A great many types of devices for absorbing the impact effect of kinetic energy are heretofore known for use in automobile safety seat belts. Most promising is use in such belts of devices whose action is based on plastic deformation of some textile materials, which is accounted for by their simple construction, high reliability and low cost. However, effective application of textile shock absorbers may be hampered for some types of devices by difficulties involved in providing a high operating threshold, and for other types, by considerable loss of strength occurring in the case of high-rate loading due to heat evolution resulting from interaction of structural elements of a textile material. That is why the provision of devices for effective damping of high-rate loading is an urgent problem nowadays.

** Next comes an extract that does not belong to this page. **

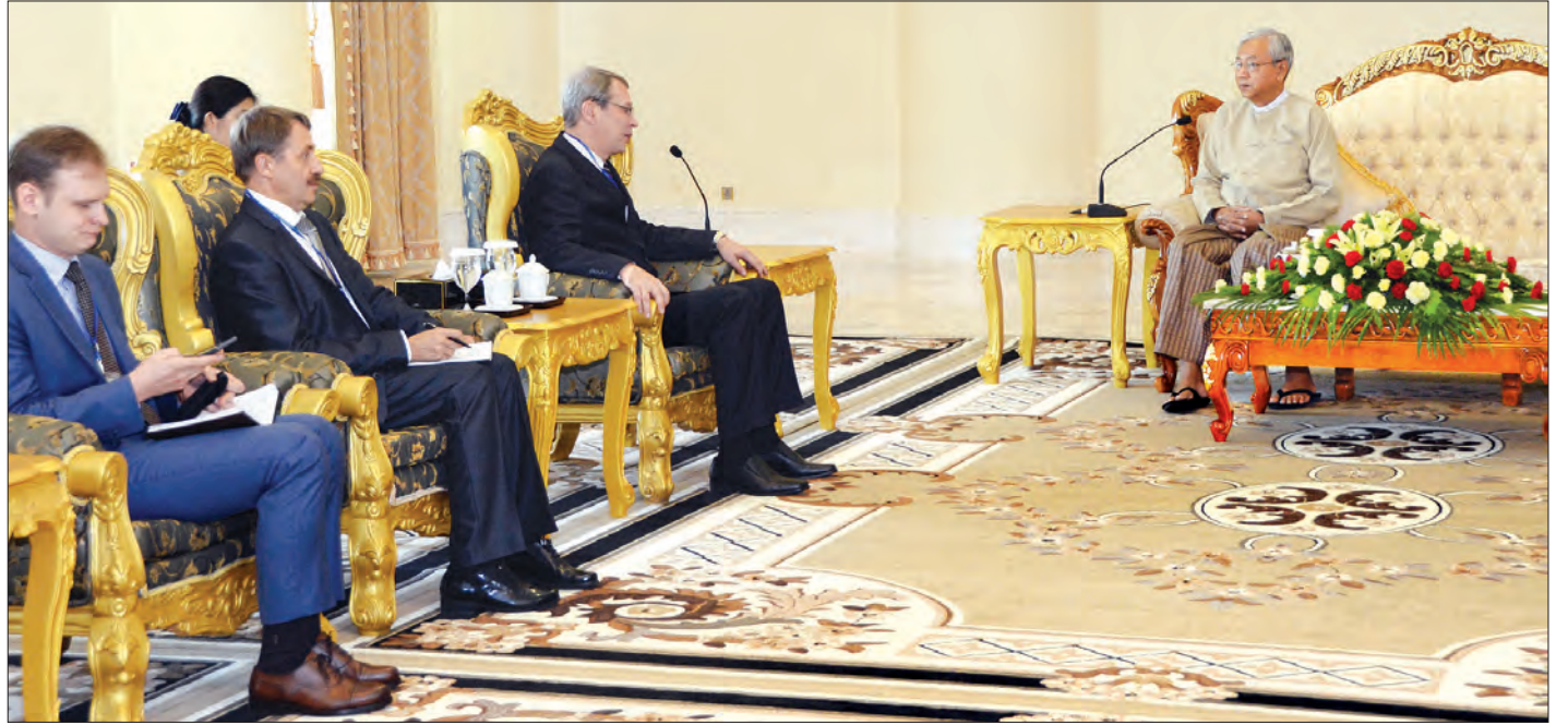
နိုင်ငံတော်သမ္မတ ဦးထင်ကျော် ရုရှားသံအမတ်ကြီး မစ္စတာ ဟစ်လီ ဘီ ပေါ့စ်ပီ လော့ဗ်နှင့် အဖွဲ့အား လက်ခံတွေ့ဆုံစဉ်

Known in the present state of the art is a construction of a damping device for an automobile safety seat belt. The device consists of a textile band folded into a loop and stitched across with sewing threads. The thus-stitched loop is pressed against one of the textile band ends and a sleeve is fitted onto the loop and the band end. Then one of the band ends is attached to the car body, the other being held to the band of the safety seat belt. Once the load imposed upon the safety seat belt has exceeded the operating threshold of the damping device it starts absorbing energy. As a result, first the sleeve is liable to destruct, then the sewing thread stitches do so in succession.
It is however too difficult to make packaged damping devices featuring the operating threshold of 1000 kgf and over using the now-adopted technique for joining the textile band of the device. Practice demonstrates that, when using textile bands 30 to 40 mm wide made from yarn having a tensile breaking strength of 65 to 70 gf/tex, it is difficult to produce damping devices having the operating threshold in excess of 200 kgf. In addition, the operating threshold of the device is liable to considerably reduce at a fast-rate loading as compared to the results of static loading. It is also impossible to carry out a reliable nondestructive check for quality of the sewing joint, which affects adversely its reliability.
One more device for damping the impact load in a safety system is known in the art, comprising a support and a flexible untearable band associated with said device, said band incorporating an energy-absorbing means liable to destruct under the load applied. The energy-absorbing device is made as a strap built up of two bands bonded together. One end of the flexible untearable band is associated with the car body, while the other, with the bracket likewise fastened on the car body. The bracket carries also a reel for one of the ends of the safety seat belt band to hold and wind up. In the case of an abrupt loading of the safety seat belt the reel, provided with special retainers, wedges up the band, thus preventing it from unreeling. Once a preset load is attained the bracket along with the reel is detached from the car body, whereupon the strap of the flexible band of the device for damping impact load starts taking up load. As a result, the strap begins separating into two portions at a preset load and thus absorbing surplus kinetic energy.
However, the known damping discussed hereinbefore likewise offers no possibility of carrying out a nondestructive reliable check for quality of bonded joints, especially after operation under different atmospheric conditions, which affects adversely the reliability of the device.